+++ Records to process

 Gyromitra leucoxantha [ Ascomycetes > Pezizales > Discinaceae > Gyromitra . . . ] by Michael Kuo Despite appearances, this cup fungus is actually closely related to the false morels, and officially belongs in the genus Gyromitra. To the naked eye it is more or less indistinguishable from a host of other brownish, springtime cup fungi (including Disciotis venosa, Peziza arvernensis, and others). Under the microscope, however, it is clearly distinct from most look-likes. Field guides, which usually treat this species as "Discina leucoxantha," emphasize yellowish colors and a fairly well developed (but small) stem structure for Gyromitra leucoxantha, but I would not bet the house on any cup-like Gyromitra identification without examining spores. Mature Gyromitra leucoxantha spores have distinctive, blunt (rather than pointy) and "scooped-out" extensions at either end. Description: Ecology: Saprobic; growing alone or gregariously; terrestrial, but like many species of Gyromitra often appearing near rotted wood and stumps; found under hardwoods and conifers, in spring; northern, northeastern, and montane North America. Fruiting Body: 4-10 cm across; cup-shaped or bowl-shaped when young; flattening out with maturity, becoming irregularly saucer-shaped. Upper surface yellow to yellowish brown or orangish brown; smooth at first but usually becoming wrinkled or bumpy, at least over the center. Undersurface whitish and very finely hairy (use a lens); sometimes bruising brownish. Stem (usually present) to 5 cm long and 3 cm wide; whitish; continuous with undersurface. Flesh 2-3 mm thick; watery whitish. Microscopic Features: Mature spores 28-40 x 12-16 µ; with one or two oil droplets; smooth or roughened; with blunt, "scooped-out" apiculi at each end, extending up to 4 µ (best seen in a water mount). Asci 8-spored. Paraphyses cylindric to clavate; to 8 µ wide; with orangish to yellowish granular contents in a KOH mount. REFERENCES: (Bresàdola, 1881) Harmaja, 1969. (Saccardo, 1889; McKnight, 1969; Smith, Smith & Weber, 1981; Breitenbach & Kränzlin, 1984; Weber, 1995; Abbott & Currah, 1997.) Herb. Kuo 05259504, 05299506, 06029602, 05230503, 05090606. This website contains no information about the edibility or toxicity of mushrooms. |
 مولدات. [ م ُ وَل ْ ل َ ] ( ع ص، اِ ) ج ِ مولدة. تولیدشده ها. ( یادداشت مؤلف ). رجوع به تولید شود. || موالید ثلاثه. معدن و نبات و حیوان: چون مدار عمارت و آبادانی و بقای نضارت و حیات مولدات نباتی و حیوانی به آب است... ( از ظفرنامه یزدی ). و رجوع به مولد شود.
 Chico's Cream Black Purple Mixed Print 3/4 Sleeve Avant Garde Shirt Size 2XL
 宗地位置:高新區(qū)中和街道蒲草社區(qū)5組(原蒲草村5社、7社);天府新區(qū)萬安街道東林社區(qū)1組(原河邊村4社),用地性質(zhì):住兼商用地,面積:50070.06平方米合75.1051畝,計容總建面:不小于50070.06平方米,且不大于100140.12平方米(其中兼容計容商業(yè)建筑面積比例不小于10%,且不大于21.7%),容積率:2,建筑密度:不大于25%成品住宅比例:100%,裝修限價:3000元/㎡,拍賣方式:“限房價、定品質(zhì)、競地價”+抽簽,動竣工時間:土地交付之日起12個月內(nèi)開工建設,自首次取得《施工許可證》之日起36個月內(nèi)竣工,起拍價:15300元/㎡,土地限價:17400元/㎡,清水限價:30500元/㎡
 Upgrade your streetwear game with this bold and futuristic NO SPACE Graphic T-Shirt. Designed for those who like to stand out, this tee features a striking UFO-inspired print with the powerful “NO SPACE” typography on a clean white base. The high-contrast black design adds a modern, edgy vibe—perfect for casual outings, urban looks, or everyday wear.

++++++

■ What is being asked: Pull every line that holds the string "Shirt" out of the records.

■ Answer:
 Chico's Cream Black Purple Mixed Print 3/4 Sleeve Avant Garde Shirt Size 2XL
 Upgrade your streetwear game with this bold and futuristic NO SPACE Graphic T-Shirt. Designed for those who like to stand out, this tee features a striking UFO-inspired print with the powerful “NO SPACE” typography on a clean white base. The high-contrast black design adds a modern, edgy vibe—perfect for casual outings, urban looks, or everyday wear.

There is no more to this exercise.